Here we have the real Madame de Sevigne, whom we love, on whom we rely,
who is as earnest as she is amiable and gay, who goes to the very core of
things, and who tells the truth of herself as well as of others. "You
ask me, my dear child, whether I continue to be really fond of life. I
confess to you that I find poignant sorrows in it, but I am even more
disgusted with death; I feel so wretched at having to end all this
thereby, that, if I could turn back again, I would ask for nothing
better. I find myself under an obligation which perplexes me: I embarked
upon life without my consent, and I must go out of it; that overwhelms
me. And how shall I go? Which way? By what door? When will it be?
In what condition? Shall I suffer a thousand, thousand pains, which will
make me die desperate? Shall I have brain-fever? Shall I die of an
accident? How shall I be with God? What shall I have to show Him?
Shall fear, shall necessity bring me back to Him? Shall I have no
sentiment but that of dread? What can I hope? Am I worthy of heaven?
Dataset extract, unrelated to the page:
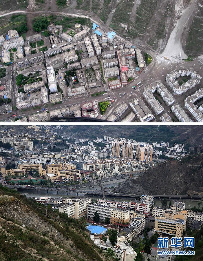 上图:2008年5月14日航拍的地震后的四川省汶川县县城(新华社记者徐壮志摄);下图:2015年5月6日从空中俯拍的四川省汶川县县城(罗国杨摄)。 5月12日是汶川地震七周年纪念日,经过7年的重建和恢复,地震中损毁严重的汶川获得新生。 新华社发

Am I worthy of hell? Nothing is such madness as to leave one's salvation
in uncertainty, but nothing is so natural; and the stupid life I lead is
the easiest thing in the world to understand. I bury myself in these
thoughts, and I find death so terrible, that I hate life more because it
leads me thereto than because of the thorns with which it is planted.
You will say that I want to live forever then: not at all; but, if my
opinion had been asked, I should have preferred to die in my nurse's
arms; that would have removed me from vexations of spirit, and would have
given me Heaven full surely and easily."